Limit of usage of the timers
CascoOscuro

By the post you can think that i'm asking about how many timers a can use in a certain moment, but no, don't care.

My question is that i need a timer routine that must be executed each milisecond. The routine is very simple, it only increases a var (very tipical). It's done for animation speed stuff.

Well, i've implemented it and i don't noticed any slow of perfomance, but, there are risks to happen what i say?
Thinking in the code, the game logic routines could be done in one microsecond (more or less) in the worst of cases, i think. Drawing routine should be done in various microseconds, so, at first, looks like there isn't problems.

Am I wrong?

Thanks in advance.

miran

Your timer routine will most likely not be executed each milisecond. Instead it will be executed ten times in a row once every 10 miliseconds...

tobing

Depends on the platform I would say. On Windows, you can improve accuracy of the timers by calling timeBeginPeriod(1); when the program is starting and timeEndPeriod(1); when the program is ending.

FMC
tobing said:

Depends on the platform I would say. On Windows, you can improve accuracy of the timers by calling timeBeginPeriod(1); when the program is starting and timeEndPeriod(1); when the program is ending.

It isn't the first time i hear this and it seems to work; if it's so simple why isn't it added to allegro?

CascoOscuro

The platform is for now windows, but i want to port it to Linux, (if fblend lets me do it).
For this purpose i could do the timer routine after every end of main loop execution, because frame rate is limited.
thank you for all.

tobing
Mithrandir said:

It isn't the first time i hear this and it seems to work; if it's so simple why isn't it added to allegro?

I have submitted that as a change request for the next version.
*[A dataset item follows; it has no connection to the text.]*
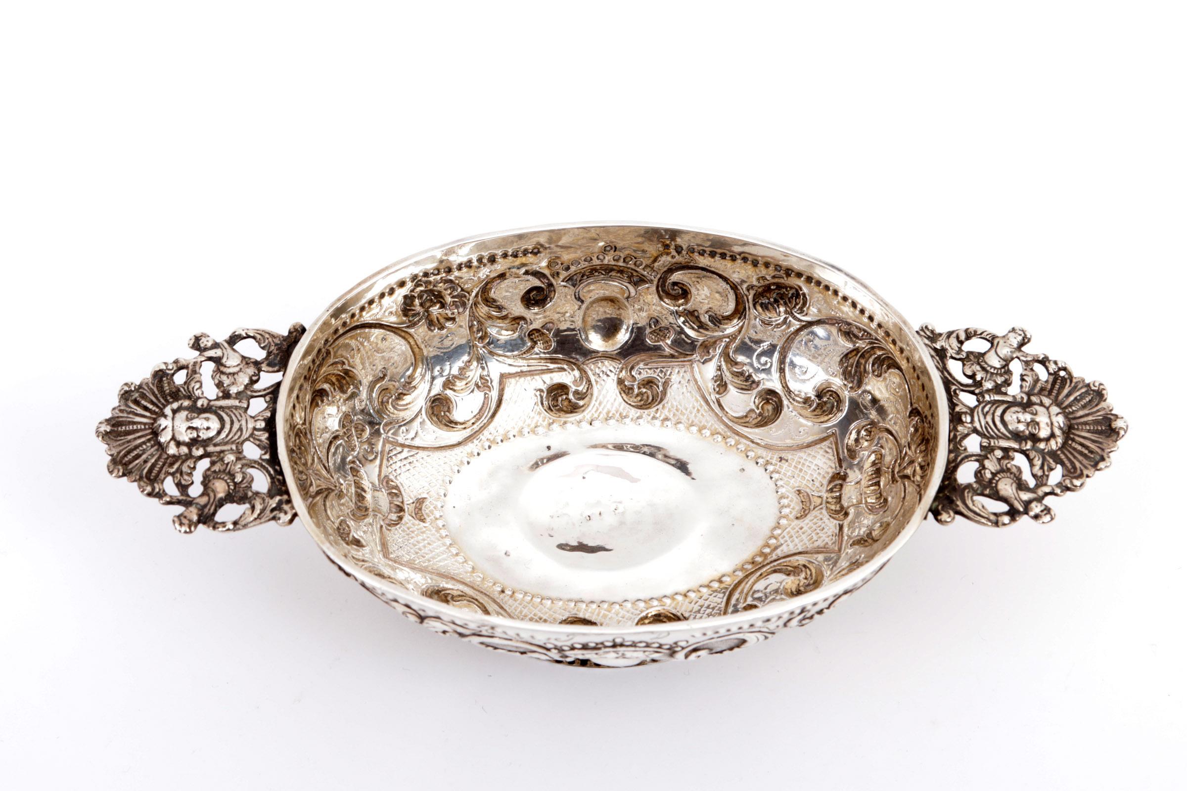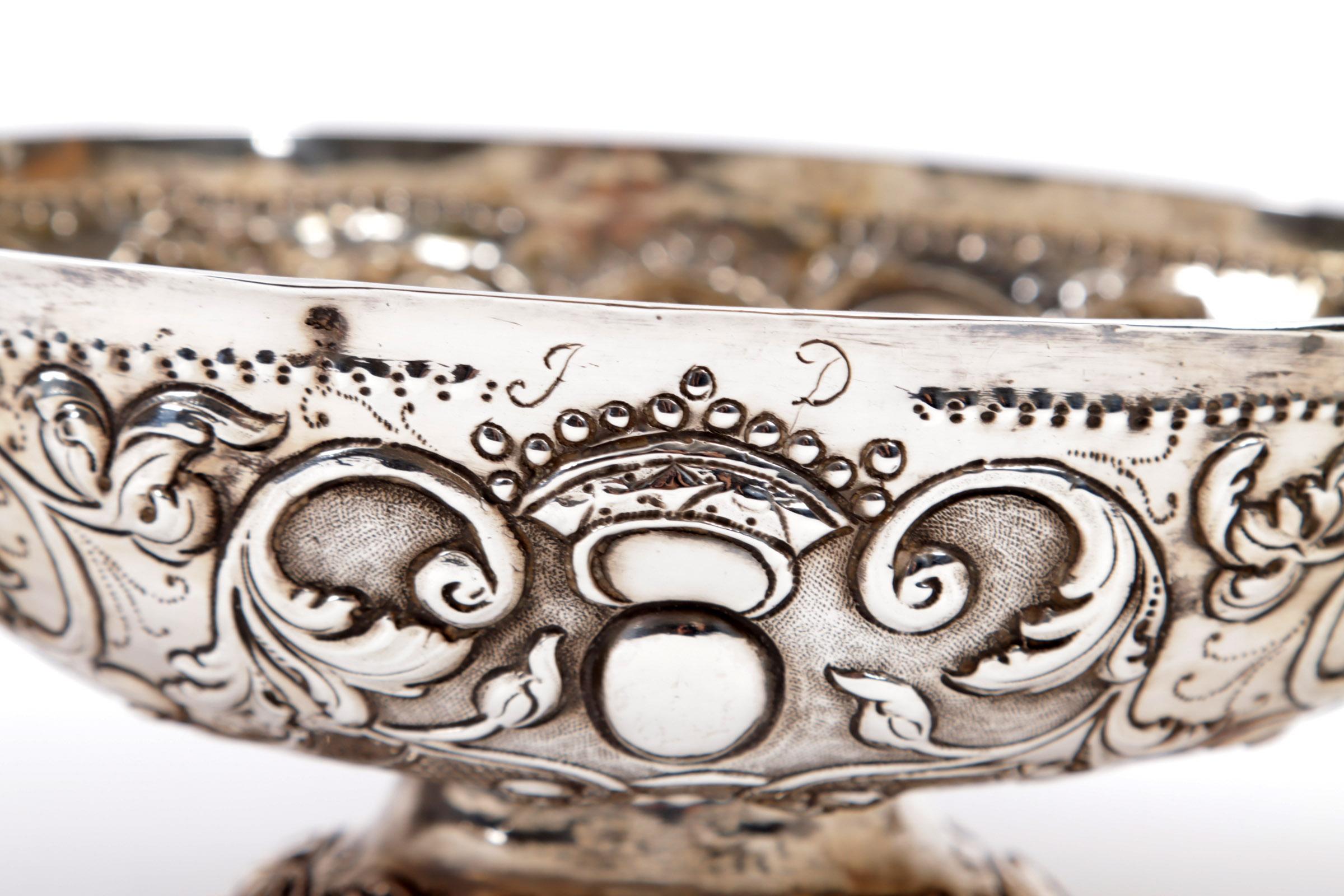 Antieke rijkbewerkte zilveren brandewijnkom, 18e eeuw

Until now I don't know if they will add it or not...

gnolam
Quote:

My question is that i need a timer routine that must be executed each milisecond. The routine is very simple, it only increases a var (very tipical). It's done for animation speed stuff.
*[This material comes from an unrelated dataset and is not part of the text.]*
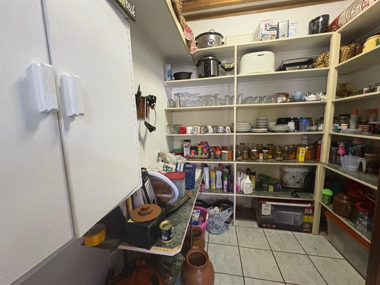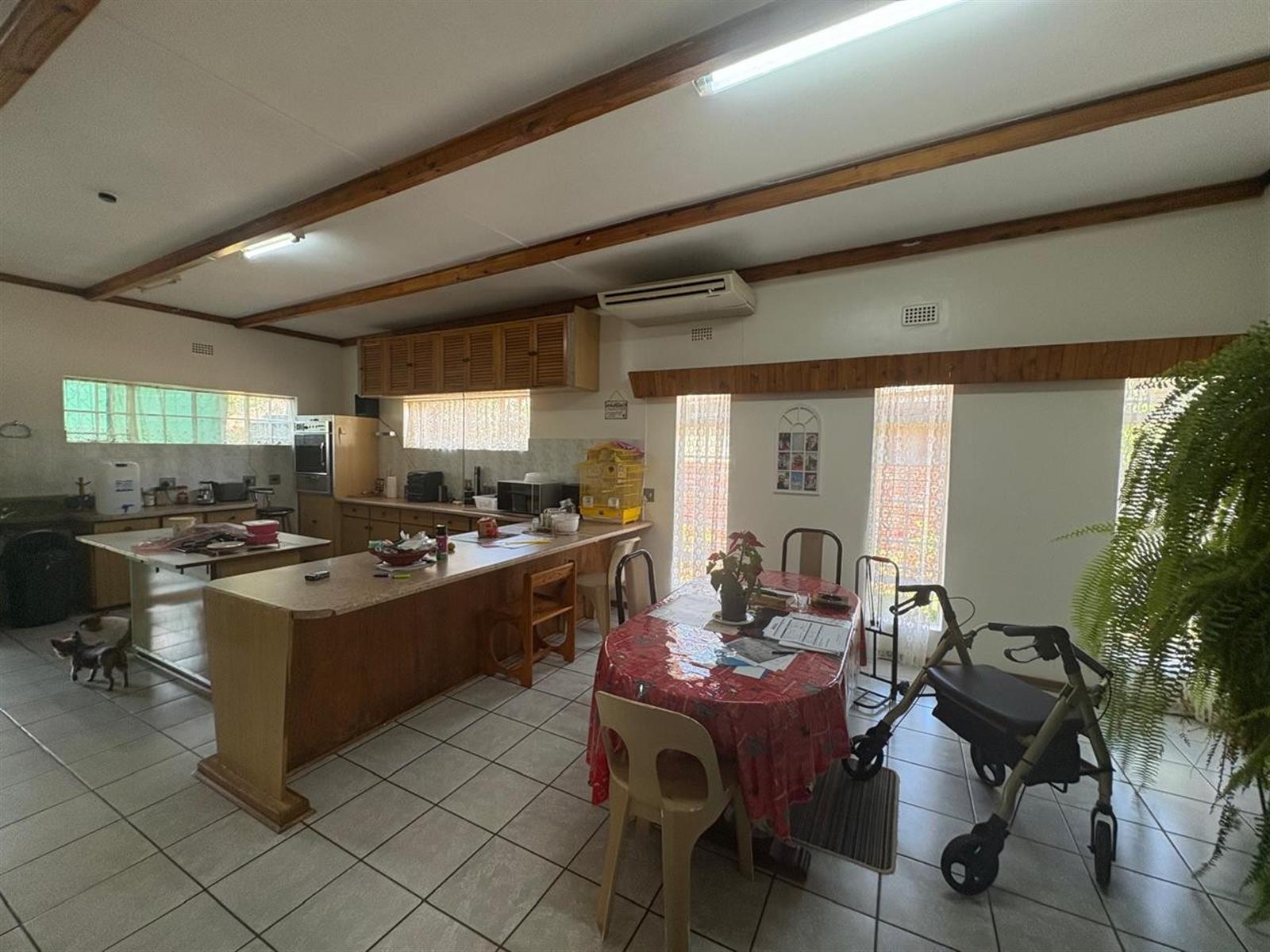 Open-plan kitchen & dining area featuring air-conditioning, gas stove, built-in oven, large pantry, and scullery

Actually, I fail to see how you would need a millisecond-accurate timer for animation...

tobing

You might not use such a fast counter for doing animations. I'm using counters of that type for internal performance measurements of certain code sections (and for that I'm acutally using a timer which counts 10000 per sec).

Chris Katko
Quote:

It isn't the first time i hear this and it seems to work; if it's so simple why isn't it added to allegro?

Because as far as I've heard, it isn't reliable.

CascoOscuro
Quote:

hy must a trip to Europe be so expensive?

to slow down animations speed applying modular mathematics.

Evert
Quote:

Because as far as I've heard, it isn't reliable.

Can you elaborate?
I was planning on adding it, but I'd like to know what I'm adding if there are possible problems with it...

tobing
Quote:

Because as far as I've heard, it isn't reliable.

That's something I would also like to know. My experiences don't second that...

Bob

You probably want to call timeGetDevCaps() first, to get the range of periods that are supported on the OS.

tobing

First I thought that would be a good idea. Then, why not simply calling timeBeginPeriod(1); ? If the capabilities are not sufficient (which is not very probable on modern PCs) then the result will be what is closest to timer precision of 1ms. So there's no need to check capabilities. Of course this is different if the application actually depends on precision, but then it's the applications' responsibility to check for that.

Ron Ofir
CascoOscuro's quote said:

hy must a trip to Europe be so expensive?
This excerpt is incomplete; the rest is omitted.